Forced appreciation is a method that has been tried and tested by house flippers for generations. It involves investing in a low-cost property with significant potential, improving it in order to reach or surpass this potential, then selling it on for a profit
When flipping houses, it often works in the following way:
- Find a property that is run-down, outdated or has the potential to be extended. Ideally, this property should be situated in a desirable or “up and coming” location
- Invest time and money into repairing, decorating, renovating and generally improving the property
- Sell the property on for a value that surpasses inflation and any expenses you have incurred
These same fundamentals can be transferred across many different areas of the real estate sector.
Sometimes, something as simple as financing a basic cosmetic upgrade can be enough to transform a home’s perceived worth. The process can be even more lucrative if you are able to purchase property below its estimated market value.
Check Out Property Auctions
A great way to find low-cost, high-potential real estate is via online property auctions (like those offered through Property Solvers).
Different auction houses tend to specialise in different property types – so be sure to do your research before you get too invested.
The properties available via this kind of outlet are often foreclosures, or may have belonged to an individual who has died “intestate” (without leaving a will). Alternatively, the owners of property up for auction may be looking for a quick sale.
This means that prices tend to be lower than on the open market.
It’s worth noting that auction properties are often sold in the state in which their previous owners left them – sometimes in disrepair or full of belongings or bric a brac – so this is something you’ll need to be prepared to deal with.
You can undertake in-depth research into all available properties before the auction goes ahead, so be sure to check for structural issues and potential legal disputes.
The best properties are often the subject of “bidding wars”, which means it’s important to have a plan in place before the auction begins – including a clear idea of what your maximum offer might be.
To estimate the amount for which a property is likely to sell, you should check out the “guide prices” for each property. This is the figure at which bidding will start.
If a property in which you are interested fails to sell at auction, you may be able to come to a great deal with its owner independently.
Remember: placing a winning bid amounts to a legally binding agreement, so it’s important to be totally confident before you make an offer.
Build from a Simple, Strong Foundation
While ambition is important in the world of real estate investment, you always need to have something to fall back on. Starting small and building from there will enable you to develop a healthy relationship with risk.

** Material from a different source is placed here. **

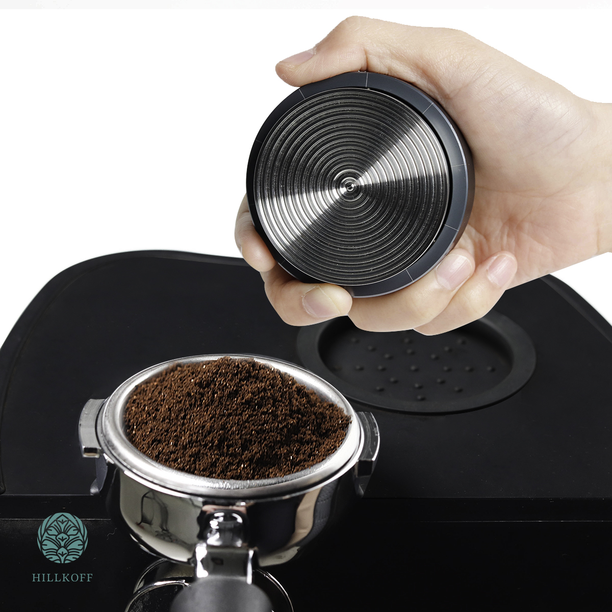 แบบวงก้นหอย : หน้าแทมเปอร์มีลักษณะผิวหน้าเป็นร่องคลื่นคล้ายก้นหอย ทำให้น้ำจากเครื่องชงกาแฟ ไหลผ่านผงกาแฟได้ทั่วถึง และช่วยถึงรสชาติกาแฟที่สกัดออกมาได้ดียิ่งขึ้น การใช้งาน สามารถปรับความลึกของการกดได้ และช่วยควบคุมน้ำหนักการกดให้คงที่

If you’re just starting out, it’s usually advisable to invest in a single property. Once that property is at a stage where it is providing you with a regular income, and once all of your processes are well-organized, you may consider making further investments.

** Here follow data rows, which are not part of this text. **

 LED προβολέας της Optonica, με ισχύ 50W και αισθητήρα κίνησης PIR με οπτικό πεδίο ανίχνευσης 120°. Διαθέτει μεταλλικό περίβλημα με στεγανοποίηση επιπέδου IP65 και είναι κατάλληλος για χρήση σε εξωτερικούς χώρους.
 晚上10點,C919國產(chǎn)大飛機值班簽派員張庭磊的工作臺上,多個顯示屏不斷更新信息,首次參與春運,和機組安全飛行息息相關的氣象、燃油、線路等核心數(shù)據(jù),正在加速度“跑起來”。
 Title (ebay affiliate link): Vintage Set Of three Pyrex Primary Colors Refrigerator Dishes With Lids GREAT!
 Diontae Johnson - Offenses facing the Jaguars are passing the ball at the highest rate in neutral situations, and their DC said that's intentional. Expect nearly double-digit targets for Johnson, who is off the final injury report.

Make sure you understand every element of each investment before you take the next step – including liabilities and insurance, then move on carefully and conscientiously.
The above tips should provide ample guidance to anyone hoping to succeed in the world of real estate investment. Whatever the size or type of portfolio you may have, it’s vital to be clear on:
- The intended nature of your investments
- Your portfolio’s appreciation potential
- Your access to lucrative new opportunities
- Your relationship with risk
Once you have all of these factors in hand, favourable outcomes will be much more likely.